As Middle Easterners watch protests in Lebanon and elections in Iraq, AU professor Abdul Aziz Said is optimistic that people from the region may embrace more liberal and less repressive systems of government.
"There is a crisis of governance in the Middle East," said Said, the Mohammad Said Farsi Chair of Islamic Peace in the School of International Service. "The governments there are not legitimate governments."
After a car bomb killed former Lebanese Prime Minister Rafiq Hariri on Feb. 14, tens of thousands of Lebanese protesters began rallies at Hariri's gravesite demanding to know who was responsible for Hariri's death. Protests in front of the Lebanese parliament led to the government's resignation on Monday.
"Although the U.S. government hasn't assigned blame, it appears it could be the work of rogue [Syrian] intelligence agents. This does not make sense for [Syrian President Bashar] Asad unless he is a dolt," Said said. "Syria should withdraw from Lebanon. It is important for Syria to restructure its relationship with Lebanon based on a partnership, not dominance."
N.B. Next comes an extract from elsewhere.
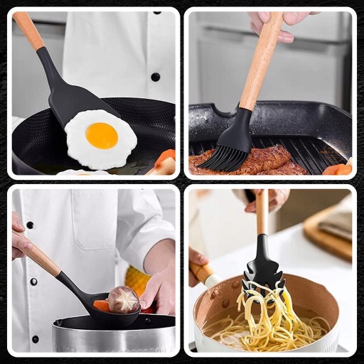 ✅ELASTYCZNE I DELIKATNE - silikon jest elastycznym materiałem, który nie rysuje powierzchni naczyń ani patelni. Silikonowe przyrządy są delikatne dla powłok naczyń, garnków i patelni, nie powodują zarysowań i nie uszkadzają powierzchni.

For Said, who has dedicated his life to developing a "total concept of peace," recent moves in the Middle East toward representative government and peaceful change are very encouraging.
"In the Western tradition, peace means the absence of war, but this has separated security from justice. ... I am trying to reconnect security to justice because peace means the presence of justice," he said.
Said, whose chair is the only one of its kind in the United States, said peace has traditionally been defined by the dominant culture and military of the time and that the world needs to expand its toolbox of peace-making instruments.
"What can we find beyond Western liberalism? What is there in the African, Arab, Chinese or Jewish cultures and traditions?" he asked.
One of his goals is to create peace chairs like his all over the world to go over the vast expanses of time and region and explore current and historical peace paradigms.
"Many issues are not just of land or politics, but of identity," he said.
One of the failures of the U.S.-Syrian and U.S.-Iranian relationships, according to Said, is a lack of dialogue and the failure of certain countries to "discover a creative role for themselves in the region."
More than a year ago, Said co-authored an article about American sanctions on Syria, in which he called on the Syrian government to withdraw its 14,000 troops from Lebanon and engage in dialogue with the United States.
"Through diplomacy, the United States can construct creative alternatives for Syria's foreign policy that eases domestic political transition," he wrote.
Said believes that the neoconservative strategy of isolating Iran and Syria has been ineffective because authoritarian governments cannot be persuaded by losing power in elections and must be addressed in dialogue to alleviate the people's suffering.
Still, he added, the most powerful weapon against governments that are "not legitimate" may be a powerful wave of democratization.
"The 1980s were a time of democratization for Eastern Europe and Latin America that completely passed the Middle East," he said. "It is happening now."
According to Said, Iraq elections are having positive effects on Arab countries far beyond the country's borders.
"This may be a new awakening in the region," he said. "There is a move toward viable government in the Arab world, open political space in the Arab world, greater political participation in the Arab world and more viable economic and political development in the Arab world."
In his capacity as a professor, Said is trying to advance his concept of total peace. It rests upon four premises: ecological balance, human dignity, political coexistence and a social environment that provides for pluralism and cultural diversity.
"My dream at AU is to have these concepts in every part of the University, which are all constant with AU's traditions," he said.